Let us say that I create a DAC. Let's call it bitShares Voting.
Now lets say that I am smart enough to realize the value proposition of my DAC honoring bitShares community members with a at least 10% to PTS and 10% to AGS. It would also potentially be a wonderful idea to find any "altcoin" out there that is doing work that I believe would significantly benefit the work I am doing on my DAC (perhaps a new protocol layer that would provide a secondary benefit to DPOS).
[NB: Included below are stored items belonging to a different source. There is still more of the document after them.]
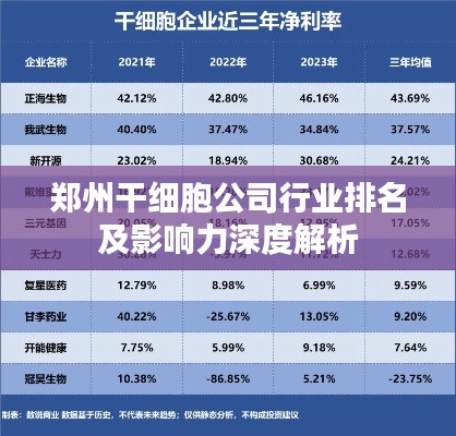 郑州干细胞公司行业排名及影响力深度解析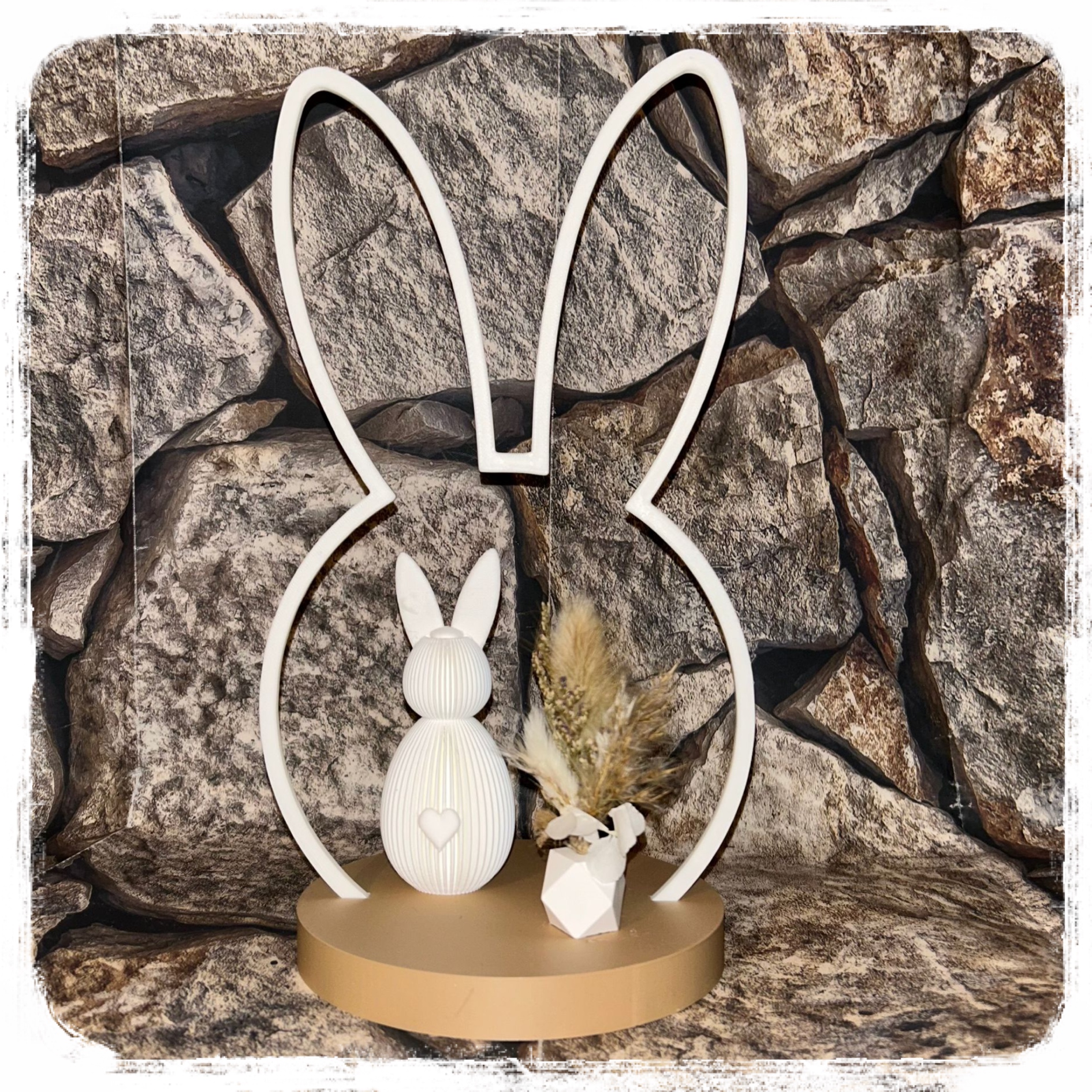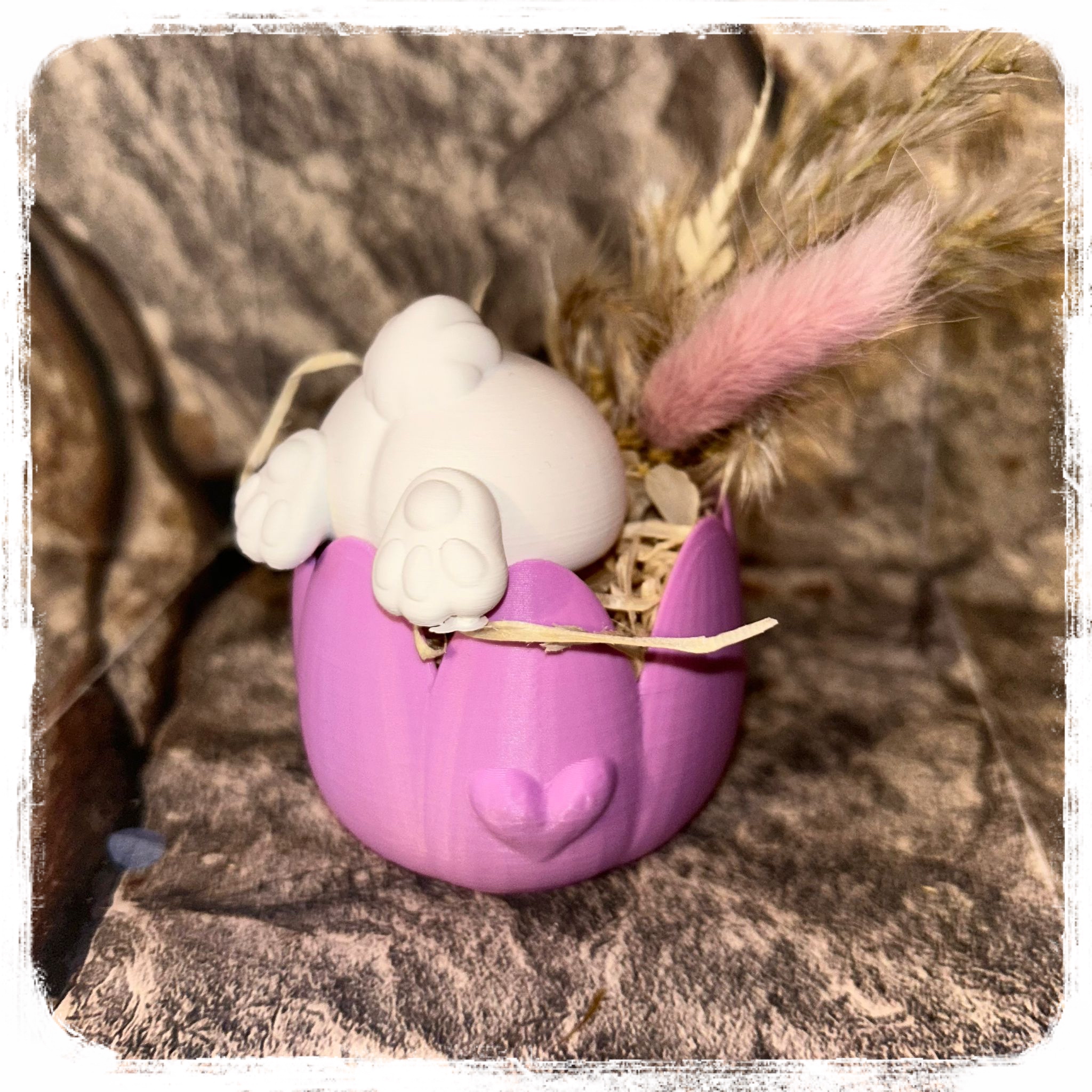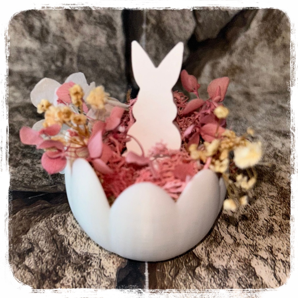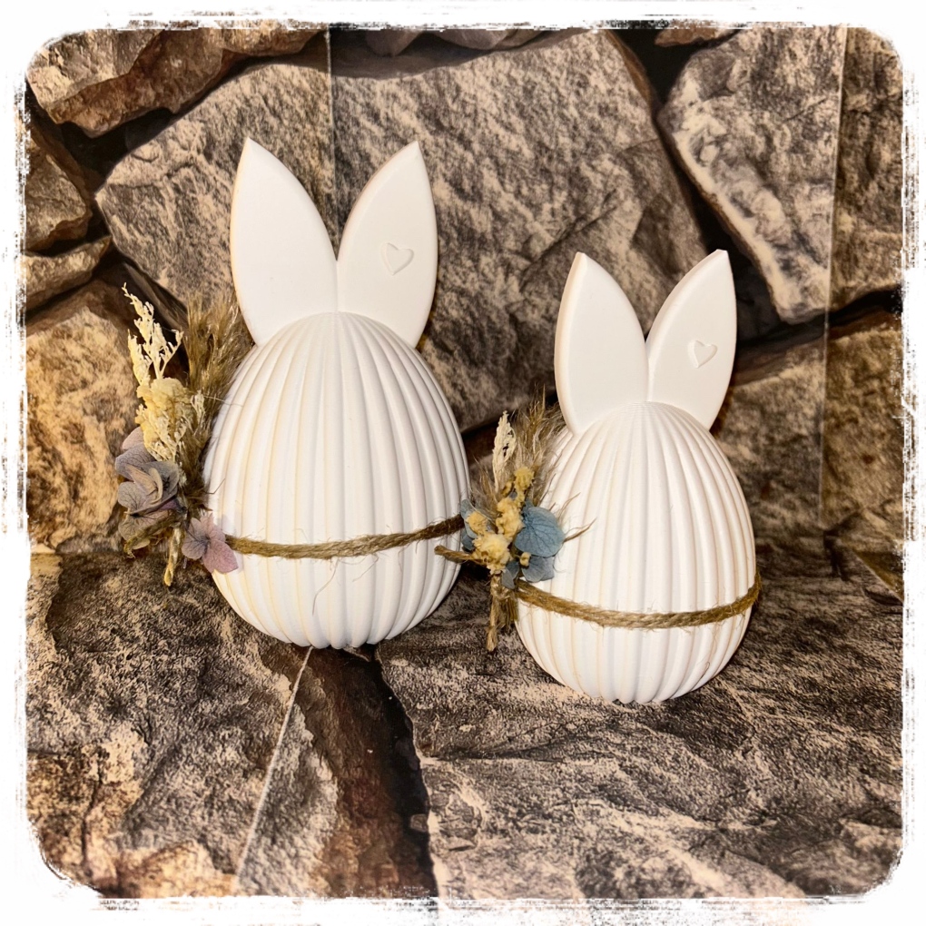 Hasen-Ei im Riffel Look mit Trockenblumen je
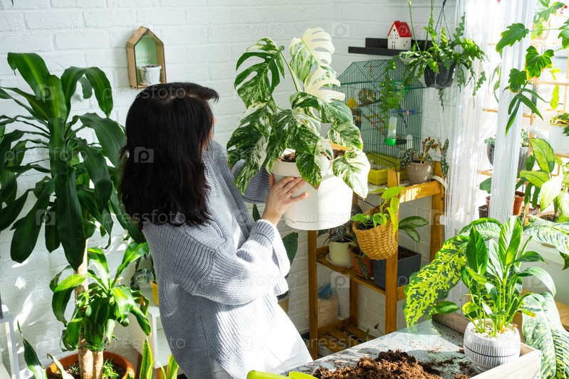 Женщина держит дома растение редкого варегатного монстра Альба в горшке в домашнем интерьере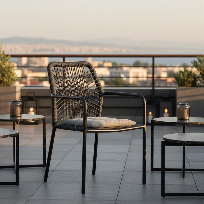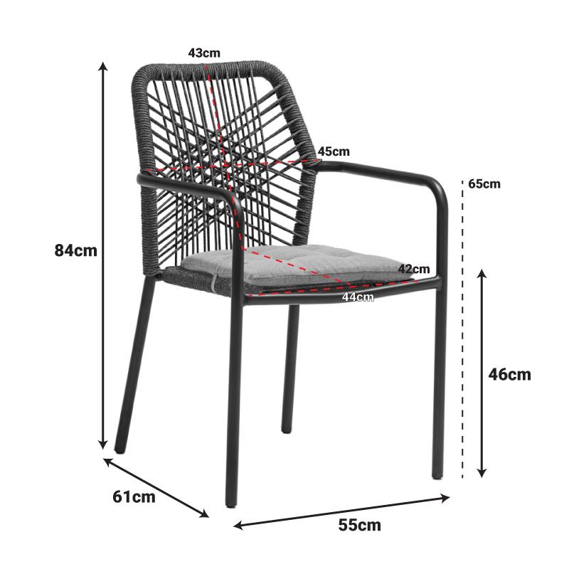 Καρέκλα – Πολυθρόνα Kherson αλουμίνιο σχοινί ανθρακί-μαξιλάρι γκρι

Now let us say that BOINC is that layer...
Would it not be a beneficial idea increase the AGS % allotted to Angel Founders to 20%, and then accept PTS, Bitcoin and Gridcoin for AGS funding? Effectively, the DAC owner now owns 50% of the initial stake and the PTS, Bitcoin and Gridcoin communities have more market depth added over time as subsequent DACs feel obligated to honor these communities?
The addition of new altcoin communities that are doing legitimate work in the space will benefit because in order to purchase AGS in a cool new DAC, you must use one of a limited number of "coins"...which creates a greater need for those coins. This should mean that the value per coin would theoretically go up as demand increases while supply is essentially decreasing (held in an AGS fund). This would also serve to incentivize cross-beneficial work between "alt"coin communities. Gridcoin is just one example.